◆ Your objective ◆
What is needed is an exact repetition of the lines below, from the first one through the one holding "Figura 2: Flor", with no pictures and nothing else.

◆ Input data ◆
══════════════════════════════
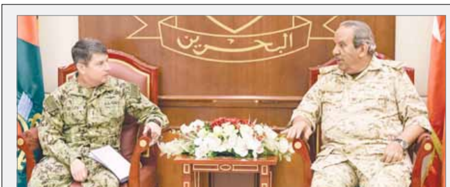
محمد هاشم السادة. كما حضر اللقاء من الجانب الأميركي سفير الولايات المتحدة الأميركية لدى البحرين العقيد ستيفن فستنت.

وخلال اللقاء رحب القائد العام لقوة دفاع البحرين بقائد الأسطول الخامس قائد القيادة البحرية المركزية الأميركية، مشيداً بالعلاقات القائمة بين مملكة
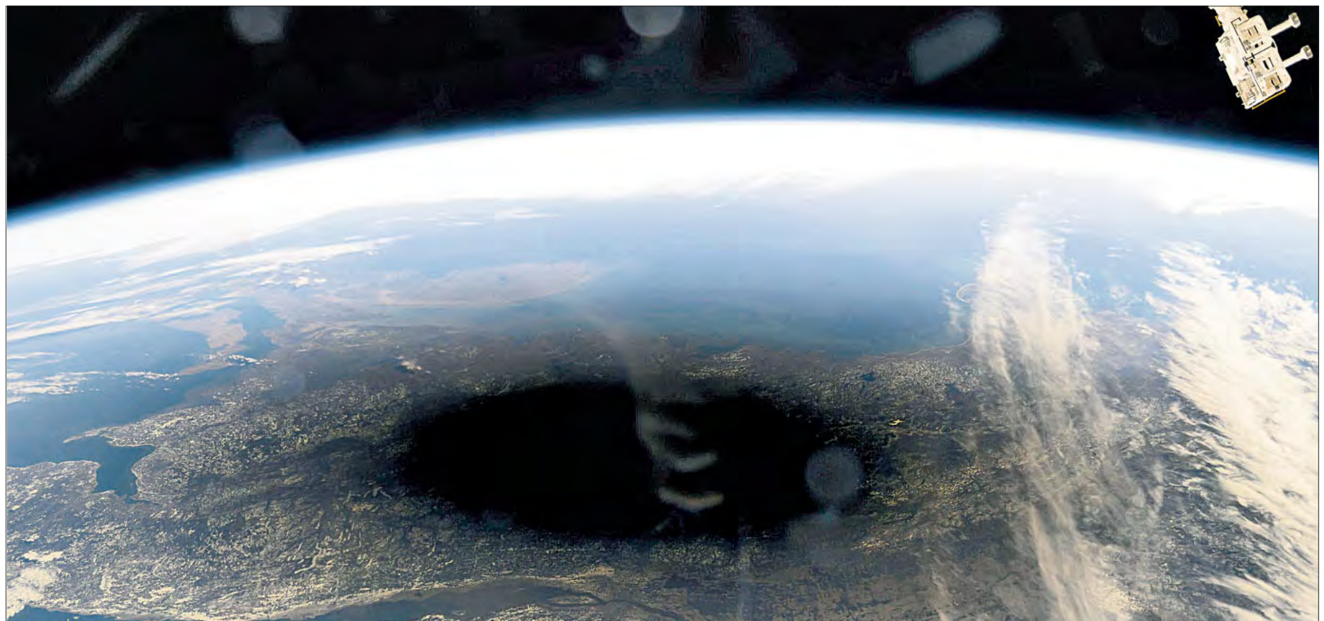
▲ Imagen proporcionada por la NASA que muestra la sombra de la Luna cubriendo partes de Canadá y Estados Unidos durante un eclipse solar total visto desde la Estación Espacial Internacional. Foto Ap
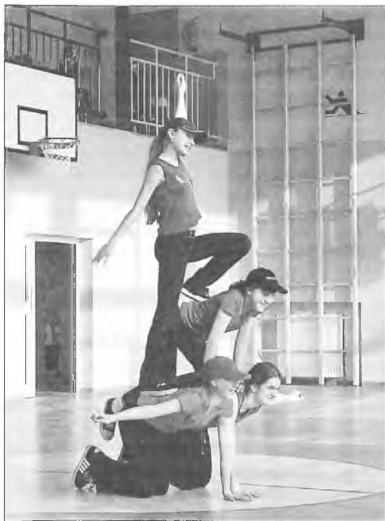
Dziewczyny dały pokaz swoich umiejętności akrobatycznych
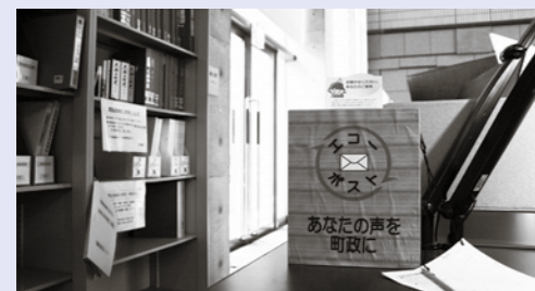
役場 1 階情報公開コーナー設置のエコポスト
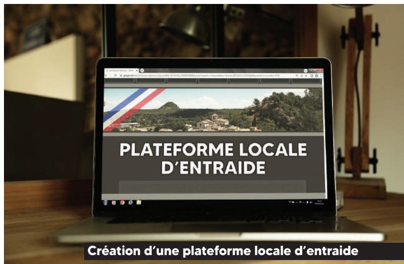
Création d'une plateforme locale d'entraide
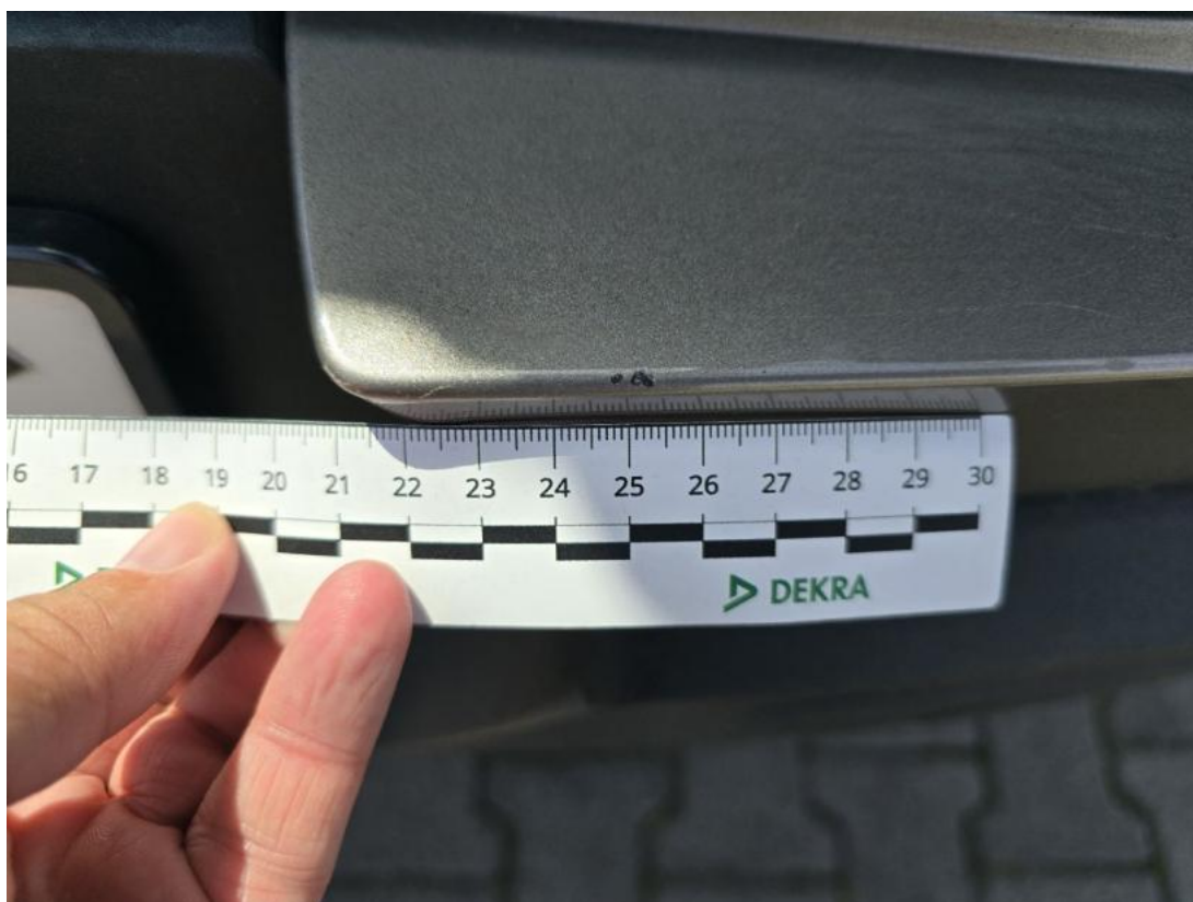
Fot. 48 Zderzak tylny() - Rysa/odprysk 3
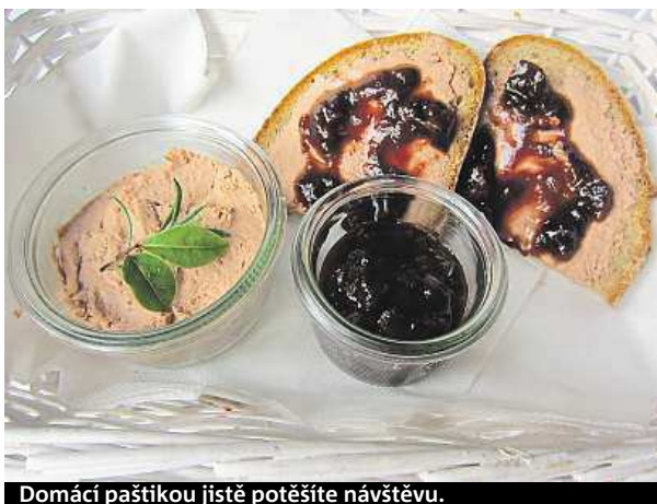
Domácí paštikou jistě potěšíte návštěvu.
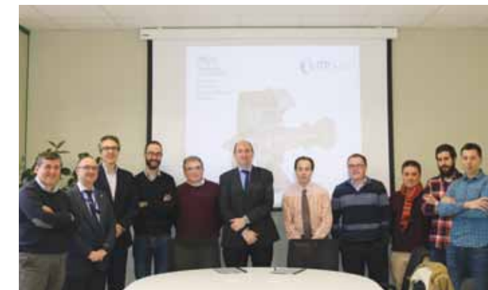
GEPEko eta ITP-AERO enpresako ordezkariak sinaduran.

Además ambos recibieron el reconocimiento como personas referentes por su labor en la red en los últimos 10 años. Asimismo, en la tarde-noche del 20 de enero se celebró la fiesta de gala del 25 aniversario donde en un formato más distendido se acercaron más de 300 personas. 2018 es un año muy especial para Mondragon Team Academy ya que se celebran 10 años desde su inicio. Por lo tanto habrá una programación especial.
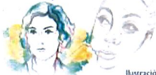
Ilustración: Noé Zenteno

2025, Año de la mujer indígena Año de Rosario Castellanos
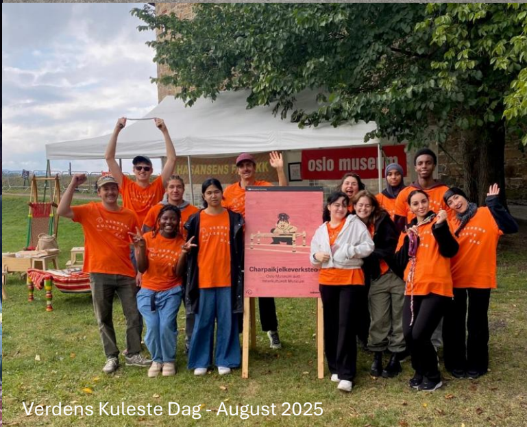
Verdens Kuleste Dag - August 2025
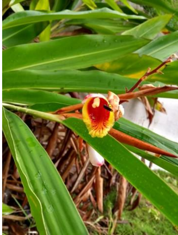
Figura 2: Flor de Alpinia nutans (L.) Roscoe sendo visitada por abelha no Museu de Ciência e Tecnologia da Bahia, Salvador, Bahia.
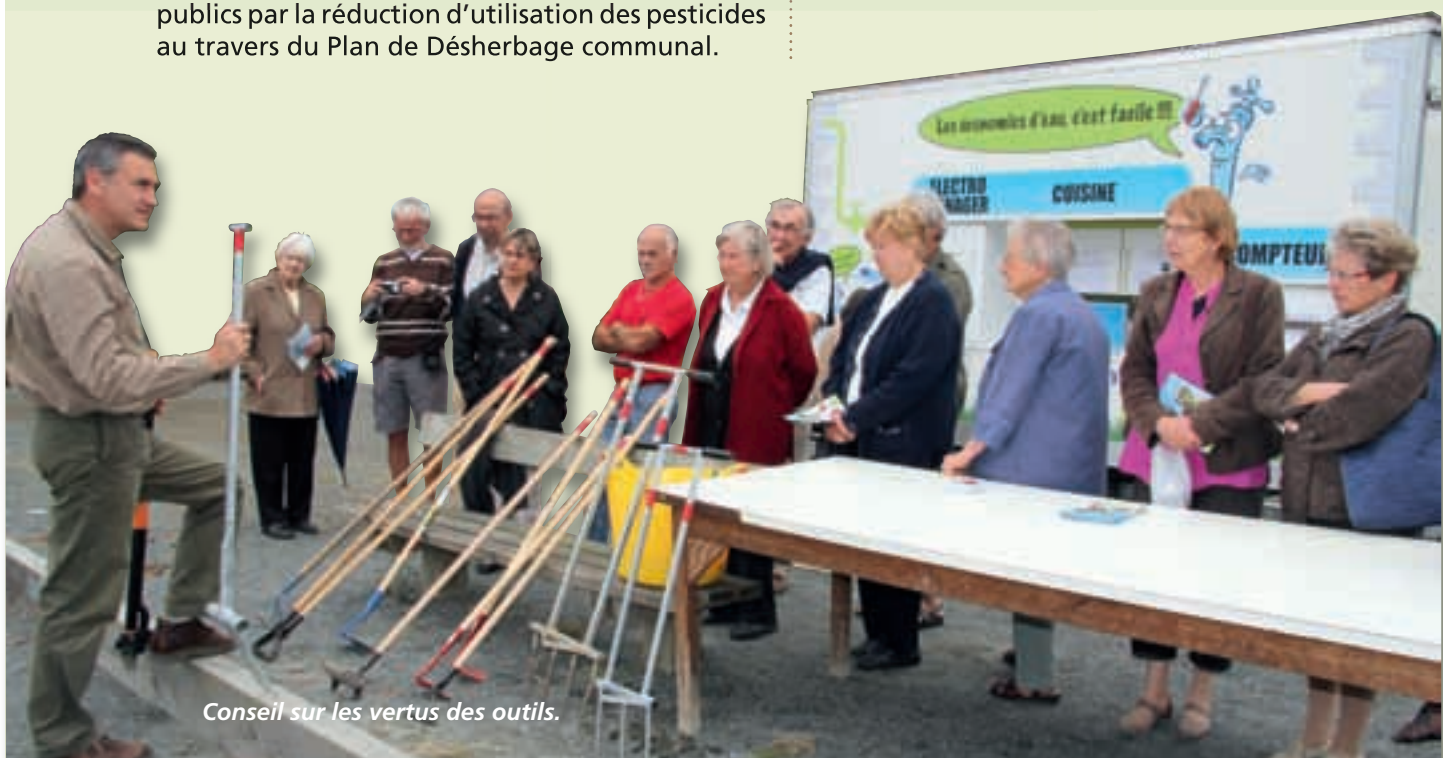
Conseil sur les vertus des outils.

Les services techniques de la commune et de la résidence de l'IF ont été très présents lors de cette journée pour montrer les différents types de paillage qu'ils utilisent, et expliquer les pratiques qu'ils mettent en place et qu'ils expérimentent pour que ces espaces de notre commune et de la résidence de l'IF soient beaux avec le moins de produits phytosanitaires possible.
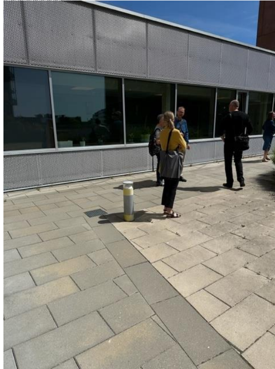
Lampe placeret i gårdhave

I gårdhaven, der leder op til fællesarealet, er der placeret en lampe i 50 cm højde, hvor beboerne færdes.
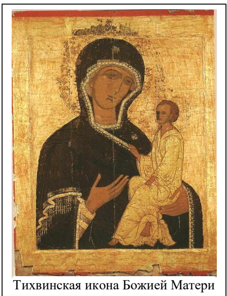
Тихвинская икона Божией Матери

В следующем 1618 г. в селе Деулино (близ Троице-Сергиева монастыря) было заключено ДЕУЛИНСКОЕ ПЕРЕМИРИЕ с Польшей. Сильные войска королевича Польского ВЛАДИСЛАВА в это время стояли у стен Москвы. Намерениям Владислава занять Москву, как и в годы Смуты, препятствовали храбрые князья: Пожарский и Трубецкой . Они и другие полководцы царя Михаила заставили отступить Владислава и вынудили его
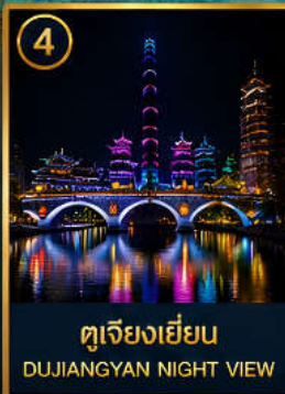
4 ตูเจียงเยียน DUJIANGYAN NIGHT VIEW
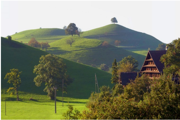
Hügellandschaft bei Menzingen
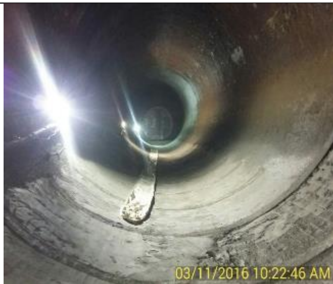
Terminación del Shotcrete entre vigas T con malla Acma. Empresa Castellum Ing. y Construcciones Spa. Al fondo se aprecia la Compuerta de Segmentos de la Aducción Horizontal, instalada por los Buzos de la Empresa Trasubmar Ltda.
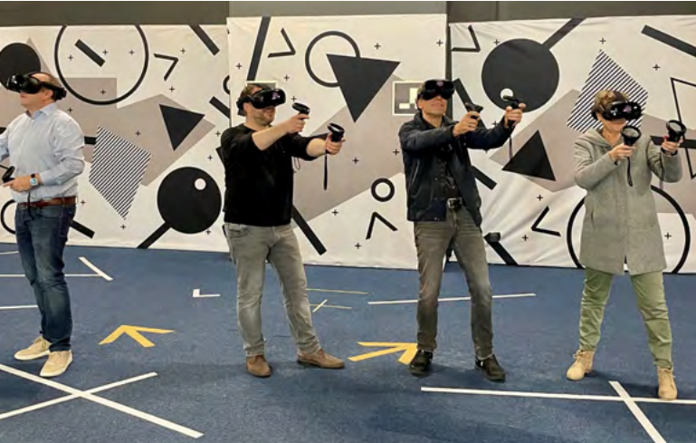
Virtuell unterwegs: Zu Besuch bei der Virtual Discovery AG, Interlaken.
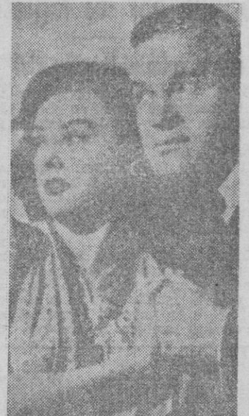
PAULETTE GODDARD y BOB HOPE

PRINCIPAL y ORIENTAL Film americano con Bob Hope, Paulette Goddard y Paul Lukas en los papeles principales. Presentada por la casa Paramount.
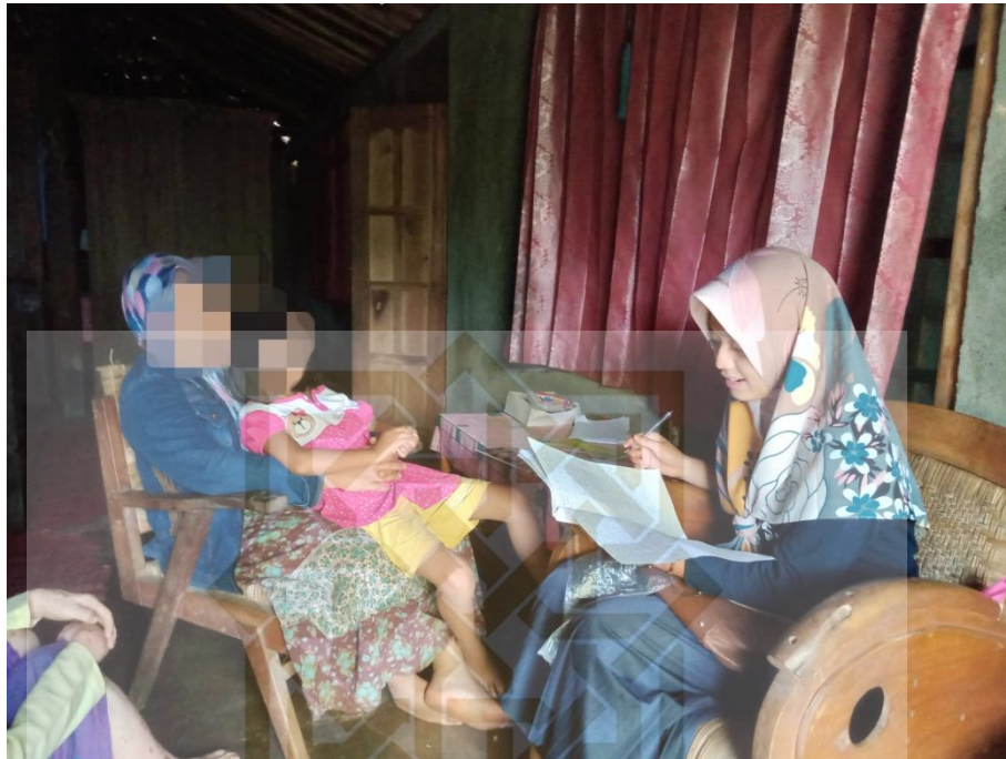
Gambar 7 Saat Wawancara dengan ibu WS
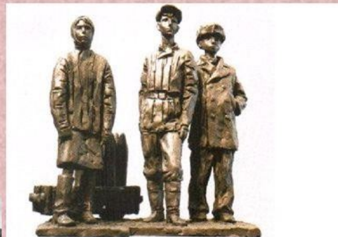
Памятник детям, работавшим на заводах Урала в годы войны. (проект) Скульптор А.Г. Антонов (2004г.)

У целого поколения, рожденного с 1928 по 1945 год было украдено детство.
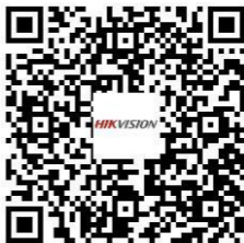
Network Audio/Video Encoder DS-6700 Series
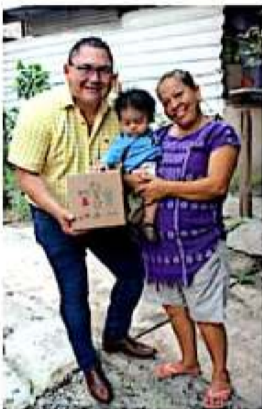
CD. LÁZARO CÁRDENAS, MICH.- El Sistema para el Desarrollo Integral de la Familia, DIF Michoacán, puso en marcha su programa de Atención Integral a la Primera Infancia en Michoacán.

La directora destacó que el programa no tiene finalidad de lucro y es únicamente a través de los Sistemas DIF municipales donde se pueden adquirir la dotación de estos apoyos alimentarios.
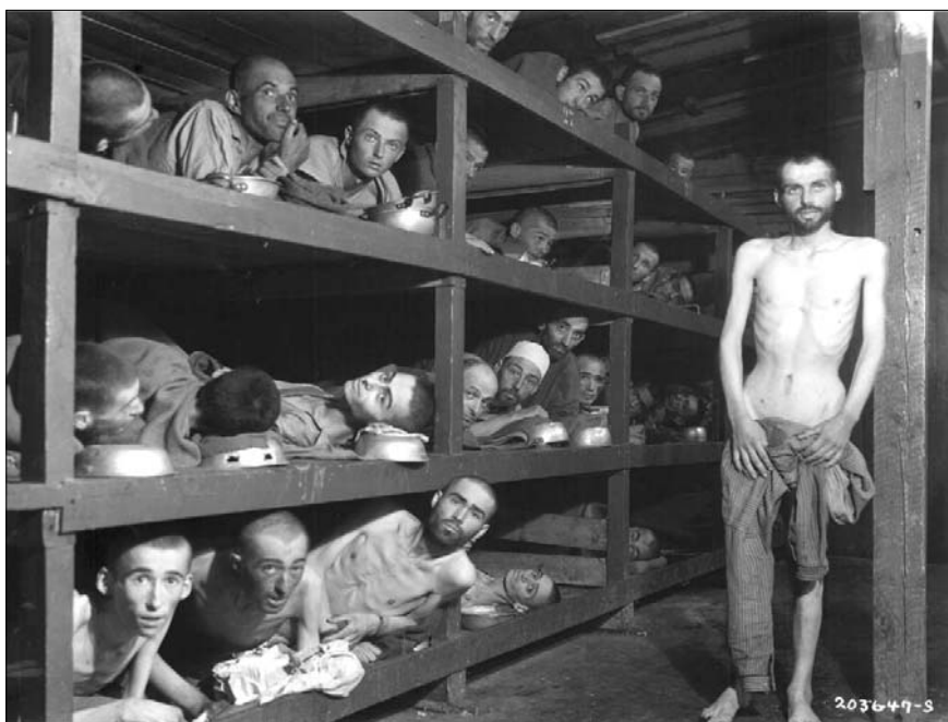
Oswobodzeni więźniowie obozu koncentracyjnego Buchenwald, wśród nich Elie Wiesel, w chwili wyzwolenia w 1945 r.
══════════════════════════════
◆ Task response ◆
محمد هاشم السادة. كما حضر اللقاء من الجانب الأميركي سفير الولايات المتحدة الأميركية لدى البحرين العقيد ستيفن فستنت.

وخلال اللقاء رحب القائد العام لقوة دفاع البحرين بقائد الأسطول الخامس قائد القيادة البحرية المركزية الأميركية، مشيداً بالعلاقات القائمة بين مملكة
▲ Imagen proporcionada por la NASA que muestra la sombra de la Luna cubriendo partes de Canadá y Estados Unidos durante un eclipse solar total visto desde la Estación Espacial Internacional. Foto Ap
Dziewczyny dały pokaz swoich umiejętności akrobatycznych
役場 1 階情報公開コーナー設置のエコポスト
Création d'une plateforme locale d'entraide
Fot. 48 Zderzak tylny() - Rysa/odprysk 3
Domácí paštikou jistě potěšíte návštěvu.
GEPEko eta ITP-AERO enpresako ordezkariak sinaduran.

Además ambos recibieron el reconocimiento como personas referentes por su labor en la red en los últimos 10 años. Asimismo, en la tarde-noche del 20 de enero se celebró la fiesta de gala del 25 aniversario donde en un formato más distendido se acercaron más de 300 personas. 2018 es un año muy especial para Mondragon Team Academy ya que se celebran 10 años desde su inicio. Por lo tanto habrá una programación especial.
Ilustración: Noé Zenteno

2025, Año de la mujer indígena Año de Rosario Castellanos
Verdens Kuleste Dag - August 2025
Figura 2: Flor de Alpinia nutans (L.) Roscoe sendo visitada por abelha no Museu de Ciência e Tecnologia da Bahia, Salvador, Bahia.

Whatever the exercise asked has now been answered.